Fre-Res: Frequency-Residual Video Token Compression for Efficient Video MLLMs
This addresses the efficiency-accuracy trade-off in video MLLMs for practitioners needing to process long or dense video streams with limited compute.
Fre-Res introduces a dual-track video token compression framework that separates spatial anchors from temporal residual-frequency tokens, achieving comparable or better accuracy than full-token methods while significantly reducing token length across fine-grained short- and long-video reasoning benchmarks.

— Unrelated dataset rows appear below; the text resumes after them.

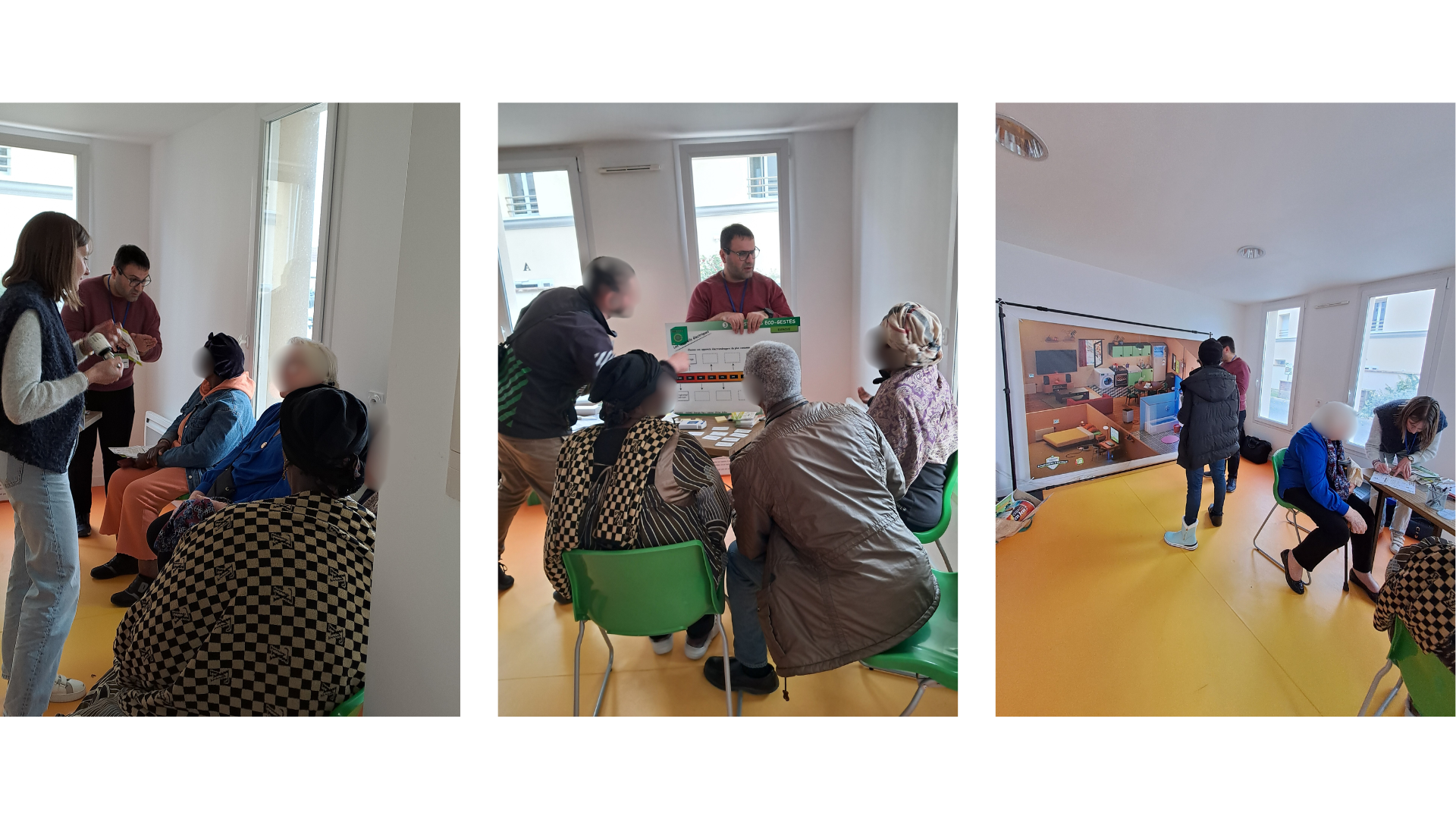 La sensibilisation s’est articulée autour d’un temps d’échanges en pied d’immeuble, permettant d’aborder avec les locataires les éco-gestes du quotidien, le confort thermique en hiver, ainsi que les usages du logement.
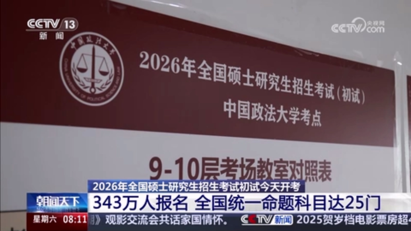 CCTV13『朝闻天下』:2026年全国硕士研究生招生考试初试今天开考。央视新闻关注我校组考工作。
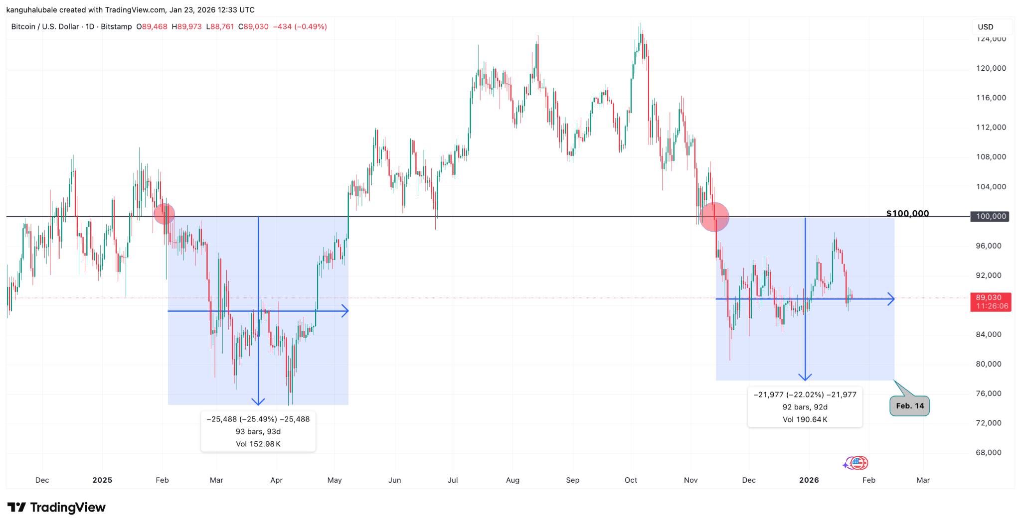 في المرة الأخيرة التي انخفض فيها سعر BTC/USD إلى ما دون 100000 دولار، استعاد المستوى بعد 93 يومًا بعد انخفاض بنسبة 25.5٪.
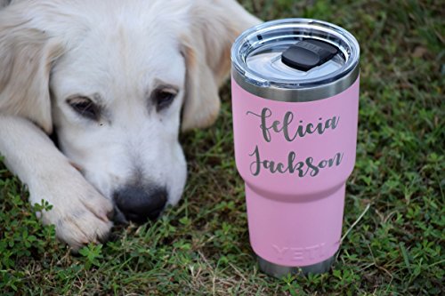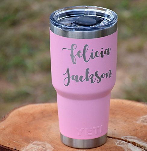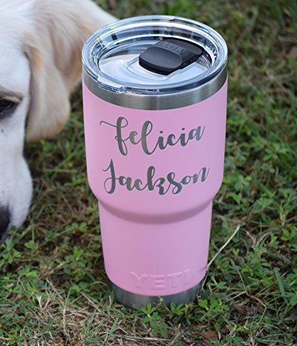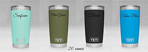 Product Description Personalized Yeti Rambler tumbler, Stainless Steel 18/8, available in 20 oz or 30 oz. This popular cup makes for the perfect birthday, graduation, wedding, promotional or any occasion gift. It features personalized engraving of your choice, YES these are laser engraved NOT STICKERS so it will last forever! Additional designs are always welcome, we are happy to work with you to create the tumbler you want! 1000s of additional fonts are also available. Little bit about Yeti Rambler's: beverages will stay ice cold or steaming hot. Double-wall insulated tumblers with an 18/8 stainless steel body, which means your drink still keeps its temperature no matter how much of a beating this cup takes. Tumblers are BPA-free, have a No Sweat Design to make sure your hands stay dry. Fit in most all cup holders. We promise you will not be disappointed, this mug delivers! No matter which Tumbler you choose, Ramblers are dishwasher safe, BPA-free, and ready for just about anything. Tumblers are available in Pink, Tahoe Blue, Seafoam, Olive Green, Black, and Stainless Steel. 0
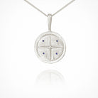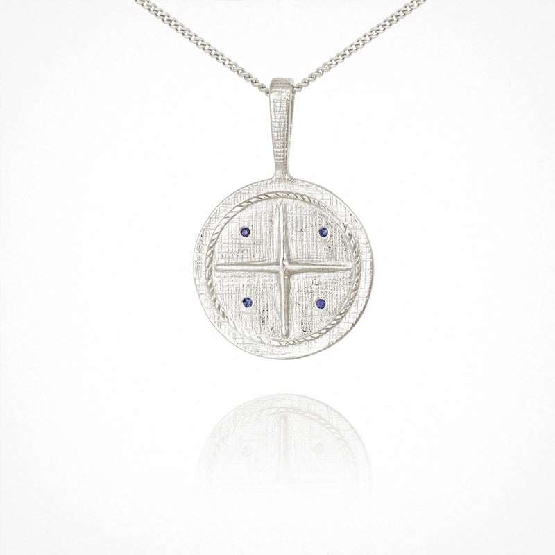 The cross brushed coin necklace is divided into four quadrants by two intersecting lines, with a round cut Blue Sapphires sitting within each section. Sapphires speak to wisdom, intuition, and spirituality. The Atlas Necklace is a reminder to listen to and trust your own intuition, charting your own course in life.
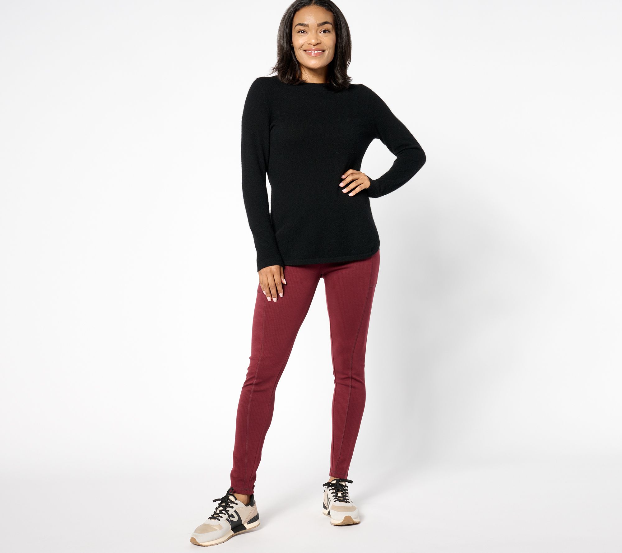 You'll fall in love with this laid-back look instantly. Equal parts chic and comfortable, these pull-on leggings are designed for effortless downtime and running around time. Front slits and side pockets make them an all-around favorite. From LOGO by Lori Goldstein®.
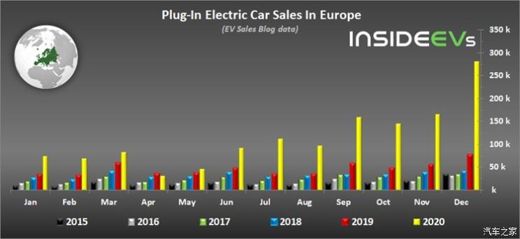 具體而言,在2020年12月歐洲登記的新能源乘用車銷量達(dá)到281171輛,同比增長了254%,并占到當(dāng)月歐洲市場總銷量的23%。
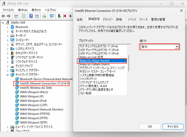 デバイスマネージャーから LAN ボードの詳細設定を開き、Wake On Magic Packet を「Enabled」に設定します。
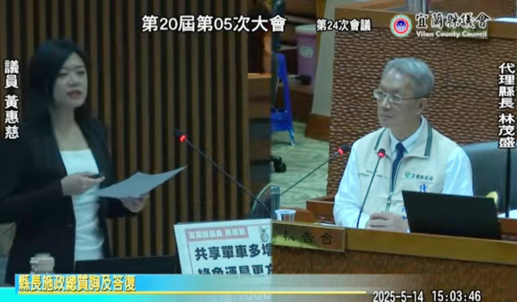 黃惠慈議員提出3訴求,請縣府成立「公共自行車推動小組」,今年底前完成宜蘭市30站
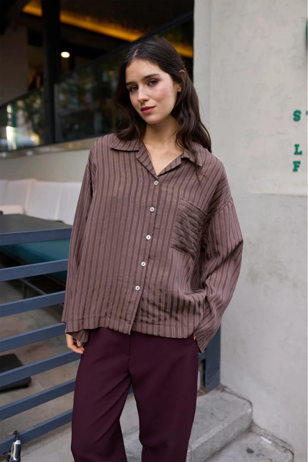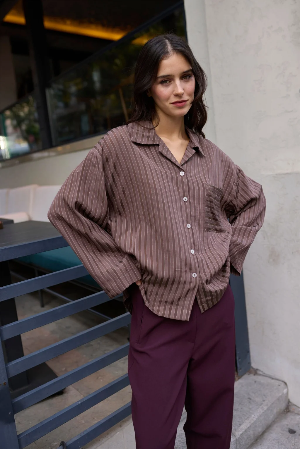 • MYRA'nın şık tasarımıyla öne çıkan Çizgili Kahverengi Oversize Gömlek, rahat ve şıklığı bir arada sunar.
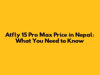 Atfly 15 Pro Max Price In Nepal: What You Need To Know
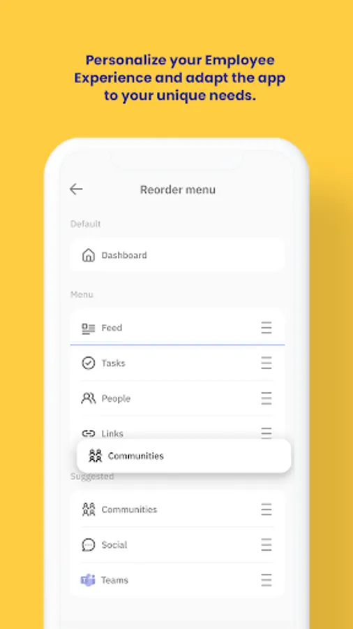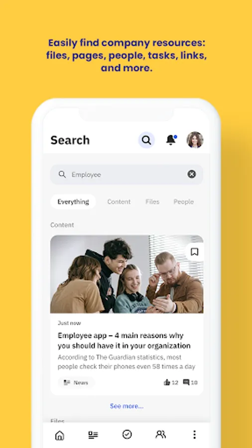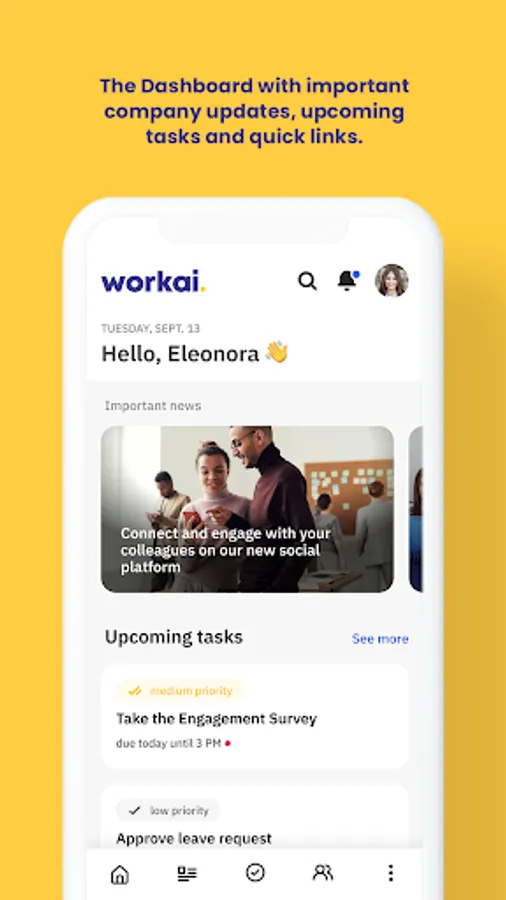 It's a one-stop app for employees to get company information, news, and events. Connect with co-workers through the internal social network, provide feedback, search for people and knowledge, develop skills, plan work and get things done.
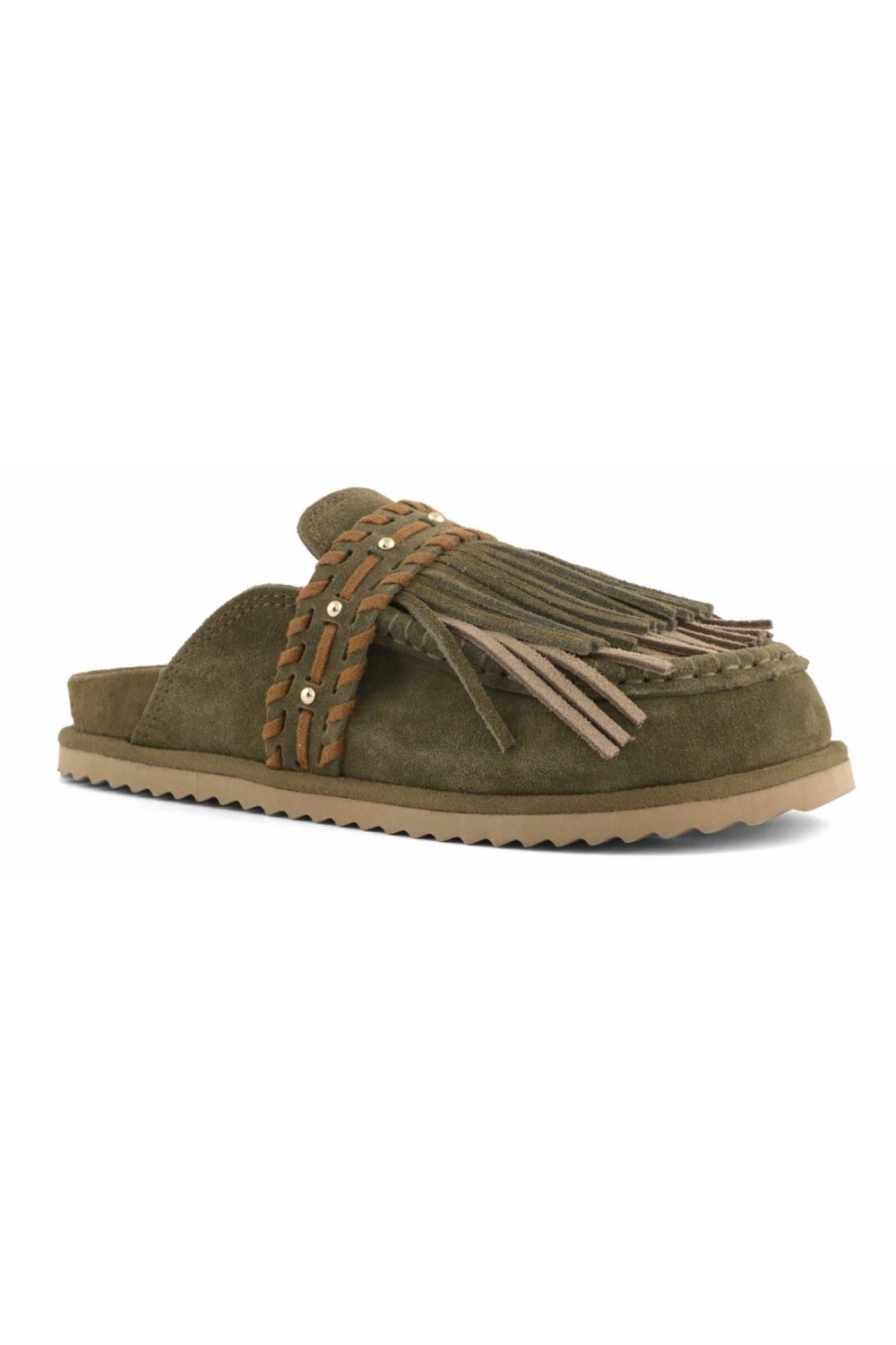 Zuecos de mujer SLOFIW Colors Of California flecos costuras tachuelas avellana militar HC_BIOW604
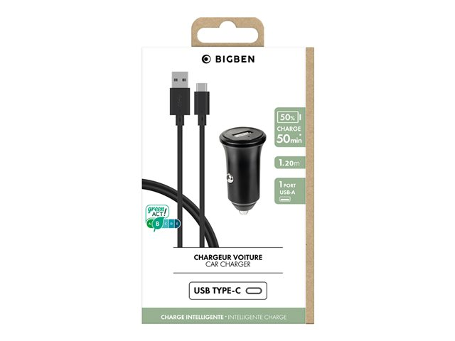 BIGBEN Connected - Adaptateur d'alimentation pour voiture - 2.4 A (USB) - sur le câble : USB-C - noir
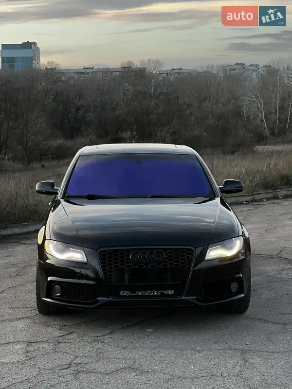 Опис Audi A4 B8 2.0 Quattro (Максимальна комплектація, led оптика, автосвітло, двозонний клімат і т.д) На пробігу 186 тис. замінено свічки, котушки, клапан ВГК, масла та фільтри. Двигун працює ідеально. Коробка гідротрансформатор (8ступка) перемикає відмінно без ривків. По машині всі кнопки працюють, клімат заправлений. Замінено лампи в ближньому світлі та протитуманних фарах (світло дуже гарне). Тонування в коло (лобове склеєно в атермальну плівку). Передній бампер від RS версії. Зроблено роздвоєний вихлоп, насадки Akrapovic, видалено каталізатор і перероблено всю вихлопну систему (приємний звук). По кузову без іржі, є дрібні сколи та сліди експлуатації. Диски з широкою гумою r18/245/45. Переоформлення. Торг мінімальний, тисячами не торгуюсь.
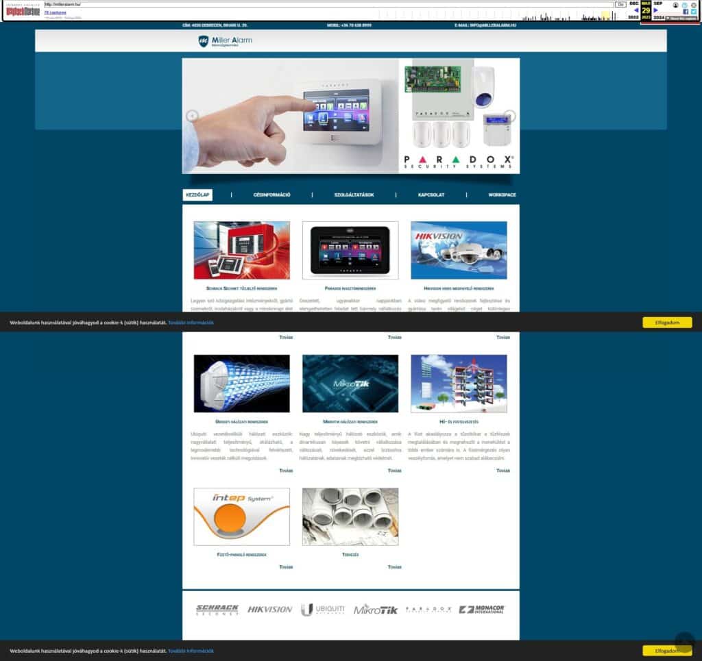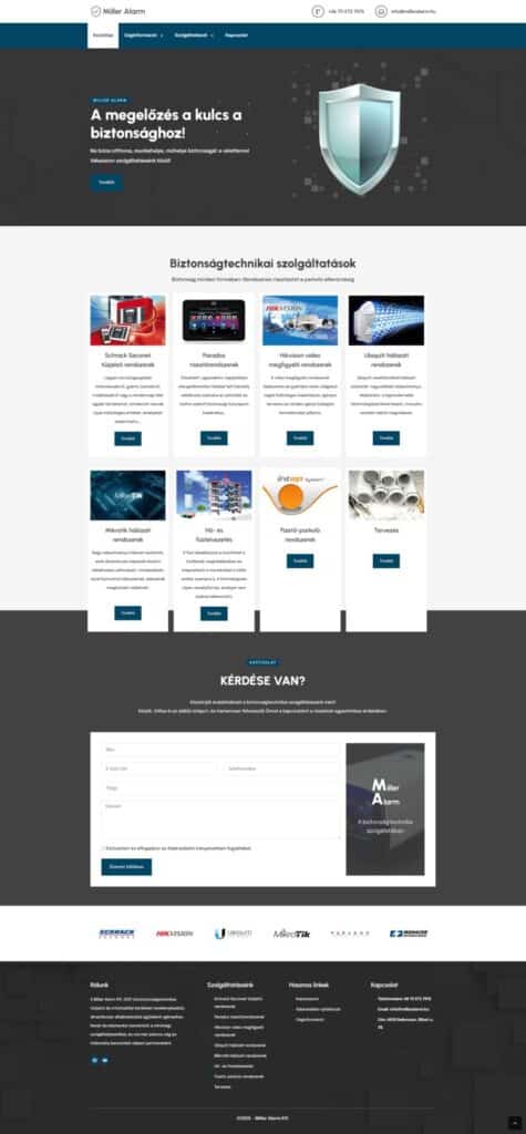 A Miller Alarm Kft., 2012 óta működő debreceni székhelyű biztonságtechnikai vállalkozás, azzal a céllal keresett meg bennünket, hogy elavult weboldalukat modern, felhasználóbarát és professzionális megjelenésűre cseréljük. A cég tevékenységei közé tartozik a tűzjelző rendszerek, riasztórendszerek, videómegfigyelő rendszerek, hálózati megoldások, hő- és füstelvezetés, valamint fizető-parkoló rendszerek tervezése és kivitelezése. Az új weboldal célja az volt, hogy tükrözze a cég szakértelmét, megbízhatóságát és a szolgáltatások széles skáláját.

Video MLLMs face a persistent tension between spatial fidelity and temporal coverage: preserving fine-grained visual details requires many spatial tokens, while capturing short-lived events requires dense temporal sampling. We propose \textbf{Fre-Res}, a budget-adaptive dual-track video-token compression framework that separates these two forms of evidence. Fre-Res preserves sparse high-fidelity spatial anchors and represents dense temporal evolution through compact residual-frequency tokens. Specifically, it applies temporal 1D-DCT to inter-frame residual trajectories in vision-latent space, where we observe strong low-frequency concentration. To align frequency-domain dynamics with native visual embeddings, Fre-Res introduces a Spatial-Guided Absorber that injects temporal residual information into spatially corresponding anchor tokens. Across fine-grained short-video and long-video reasoning benchmarks, Fre-Res achieves a favorable accuracy--efficiency trade-off, matching or approaching full-token performance while substantially reducing visual-token length. Extensive ablations further show that temporal-frequency residuals preserve causal transition cues, while spatial anchors remain essential for fine-grained object and layout reasoning.